Under the Roof of the Almighty

Несмотря на пережитые невзгоды, отец Василий был весёлого нрава, задорная улыбка почти не сходила с его лица. Он не привёз свою больную матушку в Гребнево, оставил её на попечение родных, а привёз в Гребнево только на похороны. Сам отец Василий одиночества не любил, проводил у нас все вечера, даже частенько ночевал (пока детей в доме не было, это было возможно). Свекровь моя уходила в кухню, предоставляя гостю свою постель. «Я сегодня спать не лягу. Всю ночь буду проповедь писать», — говорил отец Василий. Двери у нашей комнатушки не было, так как не было и печки. Тепло шло из большей комнатки, отделённой от нас занавеской. Проснулся раз мой дьякон среди ночи, уже светало. А за занавеской светло от лампы и слышится мирный храп. Не сходя со стула, положив голову на груду книг, лежащих на столе, спит наш отец Василий. Утром дьякон говорит:

— Пора в храм идти! А отец Василий:

— Вы начинайте с отцом Иваном, я подойду... Проповедь не готова! Матушка, прочитайте, как у меня получилось?

Я читаю, нахожу, что предложения слишком длинные. Говорю:

— Батюшка, нельзя в одном предложении несколько раз слово «которое» употреблять, абсурд получается. Вот послушайте: «Икону отнесли в храм, которую нашёл отец девочки, которую откопали...» Выходит, что девочку откопали?

— Ой, матушка, что вы!
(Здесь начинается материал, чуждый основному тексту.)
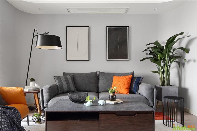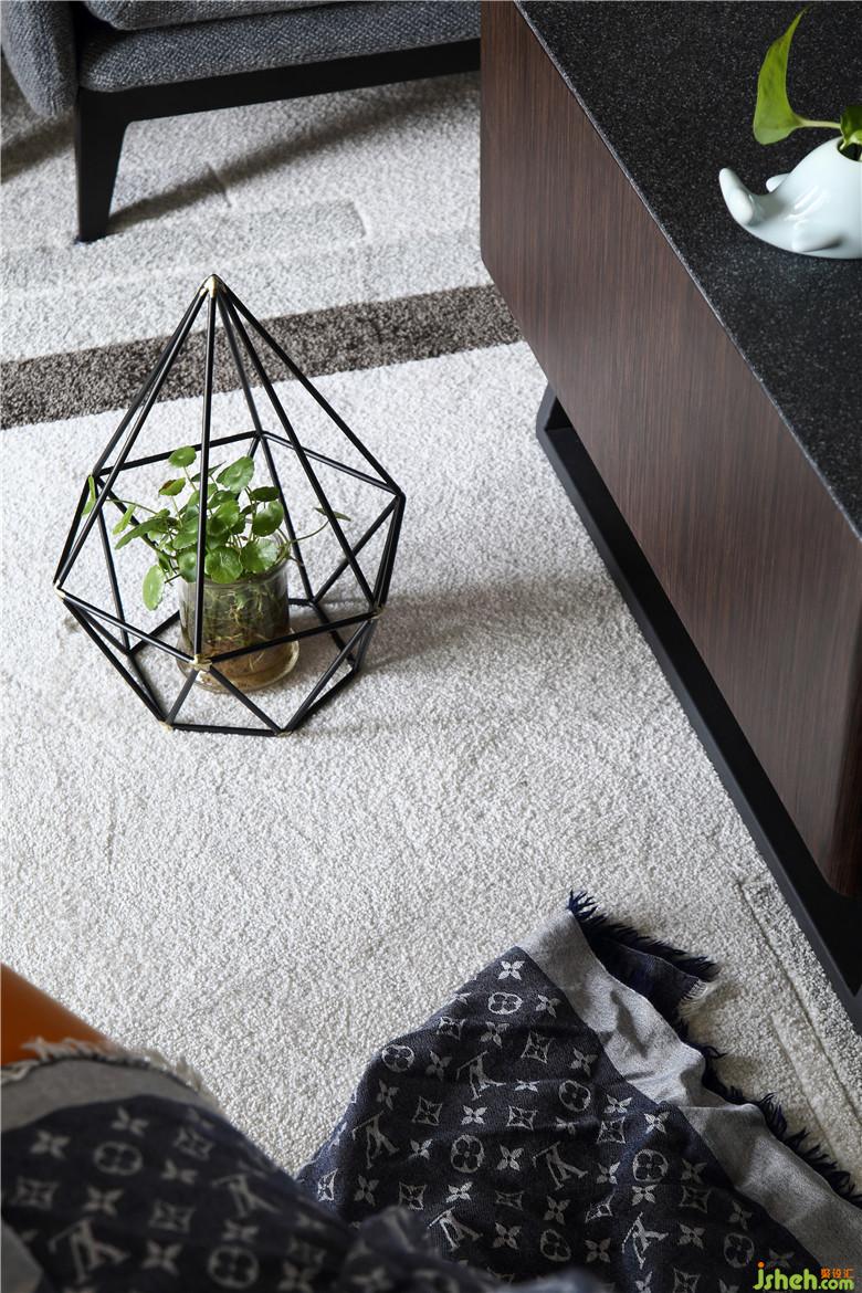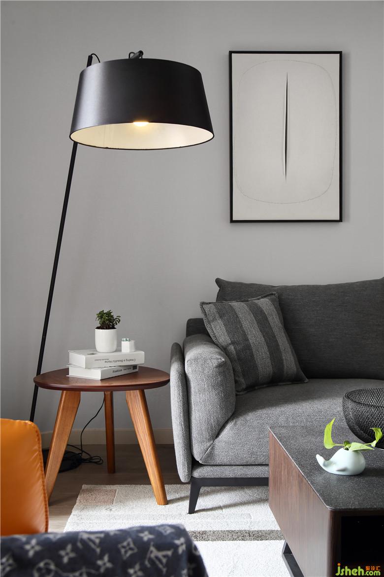 室內(nèi)設(shè)計師搭配深灰色的沙發(fā)、黑色的臺燈與整個空間的色系完美吻合,端莊、大氣、盡顯生活品味。
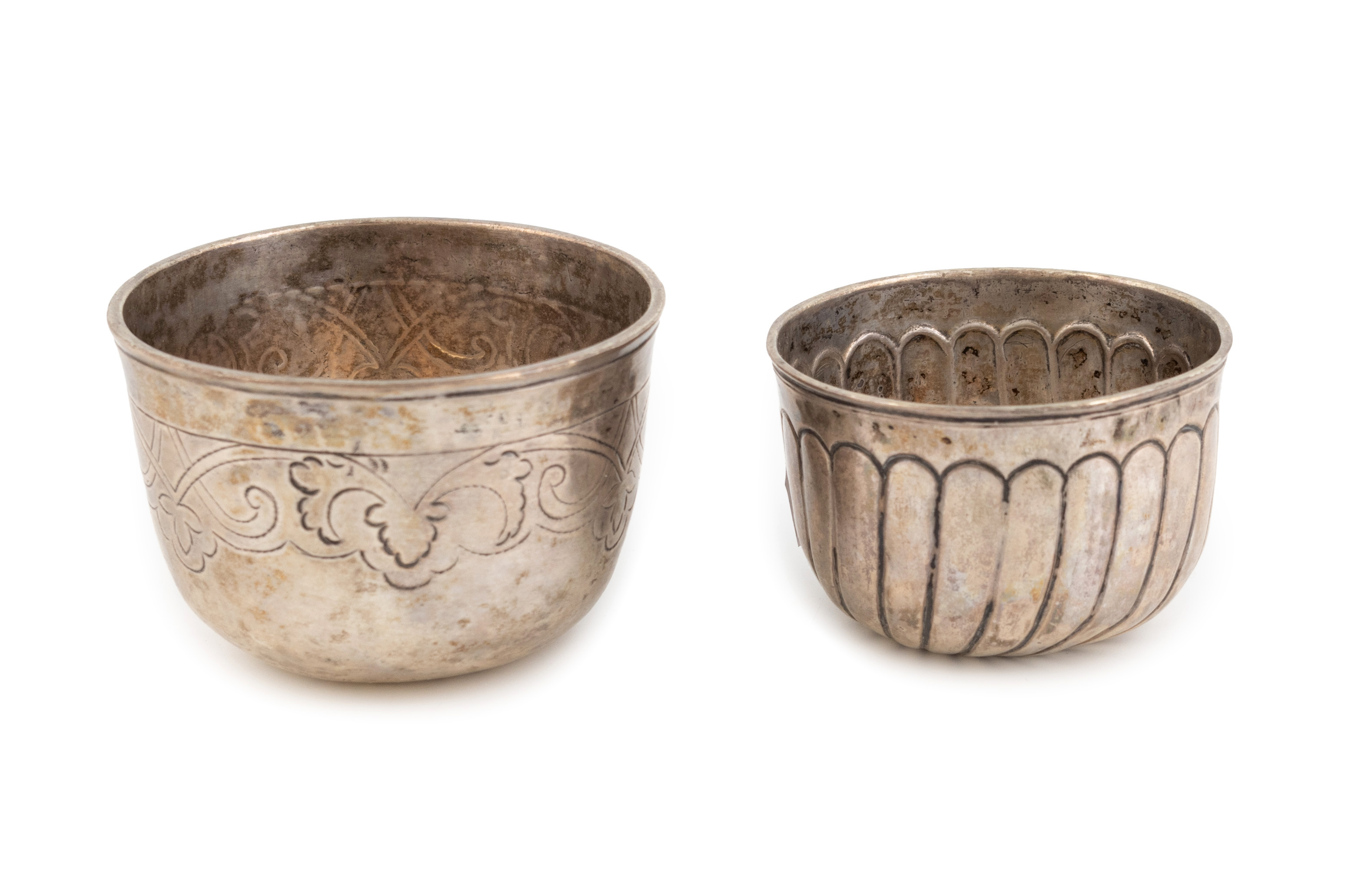 circular form, part-fluted decoration, plus another 18th century Russian silver vodka cup, maker's mark AS, circular form, chased foliate decoration, approx. weight 2oz. (2)

Как так! Да я уж лучше по листочкам из книги скажу.

И старик вырывает из книг листочки, распихивает их по своим карманам.

— Батюшка, как вам книг не жалко?

— Да у меня их полный сарай, от полу до потолка все книгами завалено. Были времена, я видел: везёт лошадь воз книг. Спрашиваю у мужика, куда везёт. Отвечает: «Сжигать!» А я возьму лошадь под уздцы, да заверну её к себе во двор, да все книги у себя и спрячу, ведь все духовная была литература, из монастырей.

Таков был отец Василий. А говорил проповедь долго, но слушателей не захватывал. Бывало, разбредутся старухи по закоулкам, рассядутся по лавкам, о чем-то своём толкуют. у[ глухи они, и стары. Молодёжи и мужчин в храмах в те годы совсем не было, а старухам не по уму было понять отрывки из богословской литературы, которые, вынимая из кармана и во множестве разложив на аналое, прочитывал восторженным голосом отец Василий.

Вскоре начали против него писать письма, сначала архиерею. Отец Василий затягивал иногда индивидуальную исповедь, от чего служба и начиналась, и кончалась поздно. У всякого человека можно найти недостатки, а к осуждению мы привыкали. Говорю «мы», потому что и я сама была грешна в этом, смеялась и раздувала в рассказах промахи в поведении священников. (Читающие, помолитесь, чтобы простил мне Бог!). Даже однажды я поехала с делегацией к архиерею, но, слава Богу, мы не попали к нему на приём. Однако отца Василия Аникина вскоре заменили другим священником. Но гнев Божий постиг нашу церковь: вся макушка вместе с крестом, куполом и шейкой под ним сгорела ночью от удара молнии. А отца Василия перевели в село Душоново, километрах в тридцати от Гребнева. В последующие годы мы ездили к нему на престольные праздники, а он нередко посещал нас.

Паломничество в Стромынь

В день Казанской иконы Божией Матери (июль 48-го года) мы с мужем решили поехать на престольный праздник села Стромынь, которое от Гребнева километрах в тридцати. Дьякон мой, отслужив обедню и позавтракав, тотчас же без отдыху собрался в путь. Я в эти первые месяцы замужества старалась, где можно, сопровождать его. Проехали мы на автобусе до Душонова, а потом надлежало нам пешком ещё около двенадцати километров шагать. Два километра мы шли по жаре через поле, а дальше углубились в лес. Извилистая узкая дорожка поросла высокой травой, не было заметно на ней даже колеи от телег. Лес высокой стеной или густым кустарником поднимался от нас справа и слева, от стены до стены было метра полтора. Под ногами чистые, прозрачные лужи, а кое-где в низинах — вода почти до колен. Мы разулись, с удовольствием шли босиком, путаясь в траве и цепляясь за мокрые ветви высоких кустов. Я никогда и не предполагала, что в Подмосковье есть такие дебри. На протяжении всей дороги мы не встретили ни души, нигде не было ни полянки, ни строения — лес и лес! Шли мы весело, быстро. Дьякон мой торопился, боялся опоздать ко всенощной, на которую был приглашён. Служил Володя великолепно: громко, ясно, без поспешности. Его приятный тенор радовал сердца и вдохновлял к молитве. Вот и начали его приглашать повсюду (до прихода к власти Хрущёва это разрешалось).